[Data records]

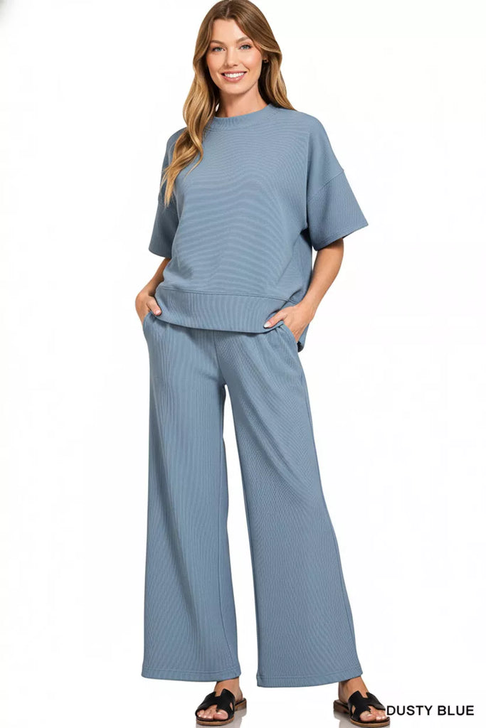 The Ribbed Round Neck Tee & Pants Set is a stylish and coordinated outfit that offers both comfort and style. The ribbed texture adds a unique and textured look to the classic round neck tee, while the matching pants create a cohesive and put-together ensemble. Perfect for lounging at home or running errands, this set combines fashion and functionality seamlessly. The round neck tee provides a casual and versatile top option, while the pants offer a relaxed and comfortable bottom choice. Effortlessly chic and easy to wear, this set is a must-have addition to your everyday wardrobe for a laid-back yet polished look.
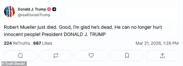 美国联邦调查局前局长、曾主导“通俄门”调查的特别检察官罗伯特·米勒20日去世,美国总统特朗普21日发帖“庆祝”,引发美国舆论批评。
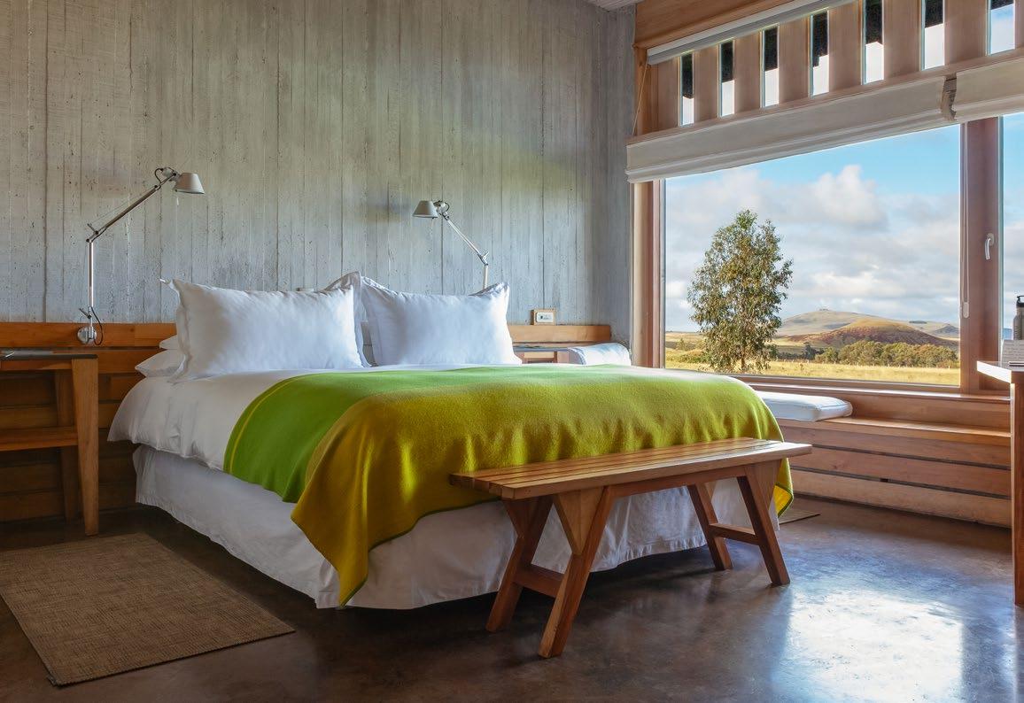 En el centro de este escenario cargado de historia, mito y resiliencia, surge Explora Rapa Nui, un lodge que interpreta con fidelidad el sentido de estar en el ombligo del mundo. Ubicado a ocho kilómetros de Hanga Roa, rodeado de praderas abiertas con vistas infinitas al Pacífico, su arquitectura se inspira en la aldea ceremonial de Orongo y dialoga con el paisaje en silencio. El lodge cuenta con certificación LEED, es Empresa B y Carbono Neutral y encarna una idea de lujo acorde al siglo XXI: un lujo sobrio, sustentable, profundamente conectado con el territorio. Aquí no se trata de ostentación, sino el lujo de lo esencial. Las habitaciones, minimalistas y acogedoras, invitan al descanso profundo después de un día de exploración. La gastronomía, ligera y nutritiva, se basa en productos locales: pescados frescos, vegetales de la isla, preparaciones ancestrales como el curanto, siempre acompañados de una cuidada selección de vinos chilenos elegidos por el Master Sommelier Héctor Vergara.
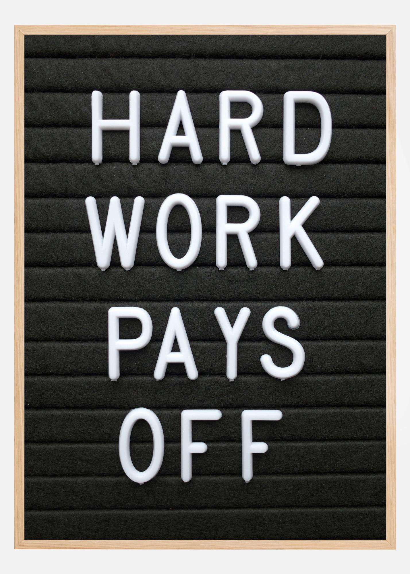Une affiche simple mais efficace où les mots "Hard Work Pays Off'' sont inscrits. Des lettres majuscules blanches sur un fond noir donnent de la force au message. Une impression parfaite à accrocher dans un bureau sur un mur blanc.
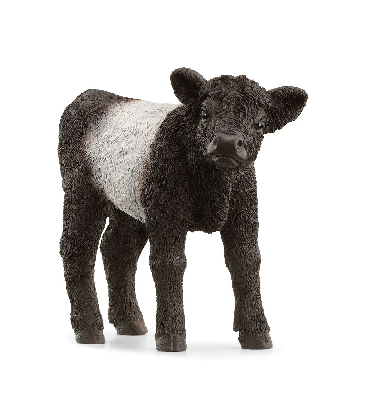 El pequeño ternero Galloway parece un poco perdido cuando estira su negro hocico en el aire. No puede ser que tenga frío, porque los espesos rizos lo mantienen caliente durante todo el año incluso cuando está fuera, en la pradera. A lo mejor tiene hambre. Seguro que quiere beber leche. ¿Dónde estará su madre, la vaca Galloway (disponible por separado)? No puede andar lejos. Debe de estar pastando allí, donde los tallos parecen tan deliciosos. Va al encuentro de su madre tambaleándose aún un poco sobre las patas. ¡Le encanta estar cerca de ella!
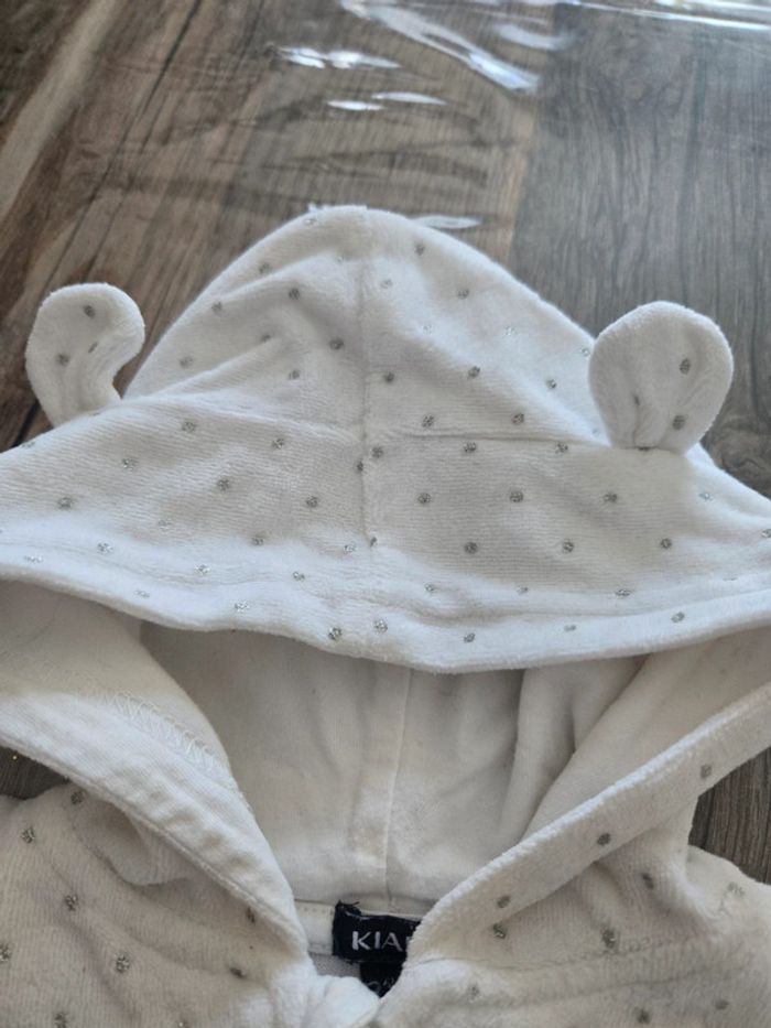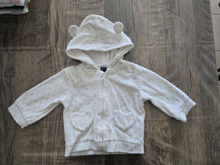 Gilet zippé à capuche blanc et paillettes argentées Taille 6 mois Bon état

WORK ORDER:
Leave out the pictures, and retype exactly the lines from the one containing "Une affiche simple" through the last line of the data above, no more and no less.

OUTPUT OF THE EXERCISE:
Une affiche simple mais efficace où les mots "Hard Work Pays Off'' sont inscrits. Des lettres majuscules blanches sur un fond noir donnent de la force au message. Une impression parfaite à accrocher dans un bureau sur un mur blanc.
 El pequeño ternero Galloway parece un poco perdido cuando estira su negro hocico en el aire. No puede ser que tenga frío, porque los espesos rizos lo mantienen caliente durante todo el año incluso cuando está fuera, en la pradera. A lo mejor tiene hambre. Seguro que quiere beber leche. ¿Dónde estará su madre, la vaca Galloway (disponible por separado)? No puede andar lejos. Debe de estar pastando allí, donde los tallos parecen tan deliciosos. Va al encuentro de su madre tambaleándose aún un poco sobre las patas. ¡Le encanta estar cerca de ella!
 Gilet zippé à capuche blanc et paillettes argentées Taille 6 mois Bon état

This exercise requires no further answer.